His grandson Warren Zysman said Kahn had been afraid of another pandemic coming along during his lifetime. "It was something he brought up quite frequently," Warren Zysman told CNN. "I would have conversations with him, he would say to me, 'I told you history repeats itself, 100 years is not that long of a period of time.'" Kahn experienced COVID-19 symptoms such as coughing before his death on April 17 and knew he might have it, Warren Zysman told CNN. "He talked about his brother a lot in the last few days," Zysman said.

 

Kahn enlisted in the US Army Air Corps pilot training program in 1940, and after the United States entered the war he served in the Pacific at the Battle of Iwo Jima and later in the firebombing raids over Japan, Newsday said.

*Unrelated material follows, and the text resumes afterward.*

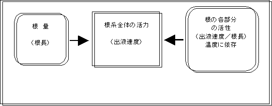 ここでは、個体単位での根系の活力の指標として出液速度を調査し、根量の指標となる根長、および、生理活性に強い影響を及ぼす温度の2つの要因により、出液速度がどのように規定されているかを検討する(下図)。

He was awarded two bronze stars. "War is terrible," he told Newsday on his 98th birthday in 2017. "Soldiers get killed, but the civilians suffer, too, and the women and children suffer the worst." Kahn was buried Monday at New Montefiore Cemetery in West Babylon, Long Island, Newsday said.

 

Kahn is not the only person to die from the new coronavirus after losing a sibling to the 1918-19 Spanish flu. A 96-year-old woman who died in San Antonio, Texas on April 14 lost an older sister to the pandemic, News4SA reported, although she never knew her sibling.

 

The deadliest pandemic in modern history, Spanish flu killed an estimated 50 million victims and infected around 500 million around the world.